Since then, I’ve been fascinated by SwiftUI’s many fun and technical themes. It can be challenging to figure them out quickly. Even some experienced developers say the process of learning SwiftUI is like learning everything from scratch.

In this post, I’ve gathered some of the aspects of SwiftUI that I personally find most confusing related to status management. In a manner of speaking, I could have saved myself hours of painful problem-solving if I had this article in hand.

Let’s get started!

@state, @Published, @observedobject, etc

At first, my understanding of these @Something attributes was that they were a new set of language attributes, like Weak or lazy, that were introduced specifically for SwiftUI.

So I was quickly confused by the variety of variations these new “keywords” could produce based on prefixes:

Value, $value, and _value represent three completely different things!

I don’t know, these @Things are just structures in the SwiftUI framework, not part of the Swift language.

What is really part of the language is a new feature introduced in Swift 5.1: the attribute wrapper.

After reading the documentation on property wrappers, it dawns on me that there are no secrets behind @state or @Published. It is these wrappers that give “superpowers” to the original variables, such as the immutable and deformable nature of @state and the responsive nature of @Published.

Are you more confused after hearing this? Don’t worry — I’ll explain it to you right away.

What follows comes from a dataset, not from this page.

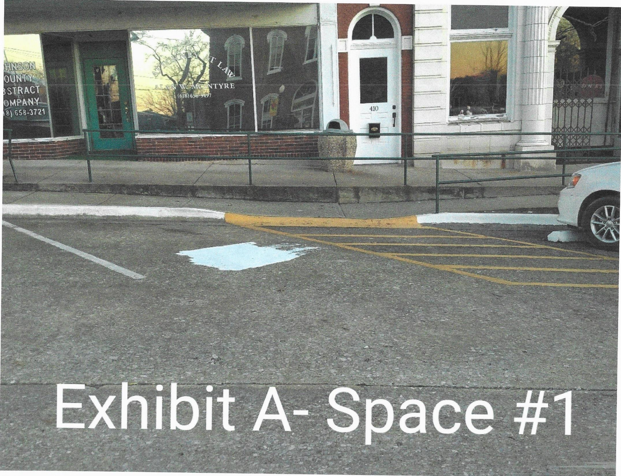
Exhibit A- Space #1
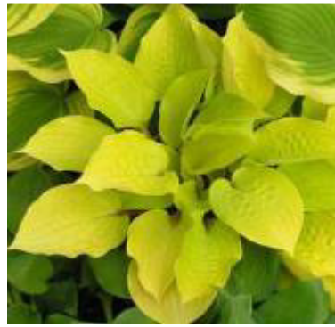
H. 'Fire Island'

The full picture is pretty clear: When we attribute a variable with @something in SwiftUI, such as @state var value: Int = 0, the Swift compiler generates three variables for us! (Two of these are computed attributes) :

Value – the raw value wrapped by our declaration type (wrappedValue), such as Int in this example.

$value – an “extra” projectedValue whose type is determined by the property wrapper we use. The projectedValue of @state is of type Binding, so in our example it is of type Binding.

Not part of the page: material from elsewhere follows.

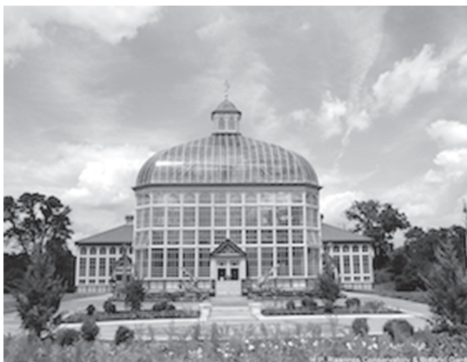
Rawlings Conservatory, Druid Hill Park.

http://bcrp.baltimorecity.gov/parks/federal-hill ) . This park served as defensive grounds during the War of 1812 and the Civil War and now offers recreational space along with breathtaking views of the Inner Harbor.

_value — a reference to the property wrapper itself, which may be used during view initialization:

struct MyView: View {@Binding var flag: Bool

    init(flag: Binding<Bool>) {
        self._flag = flag
    }
}Copy the code

Categorize by projectedValue

Let’s take a look at the most common @things in SwiftUI and see what their project Values are:

  • @StateBinding<Value>
  • @BindingBinding<Value>
  • @ObservedObjectBinding<Value> (*)
  • @EnvironmentObjectBinding<Value> (*)
  • @PublishedPublisher<Value, Never>

Technically, (*) gives us the intermediate value of the Wrapper type, which becomes a Binding once we specify the keyPath for the actual value in the object.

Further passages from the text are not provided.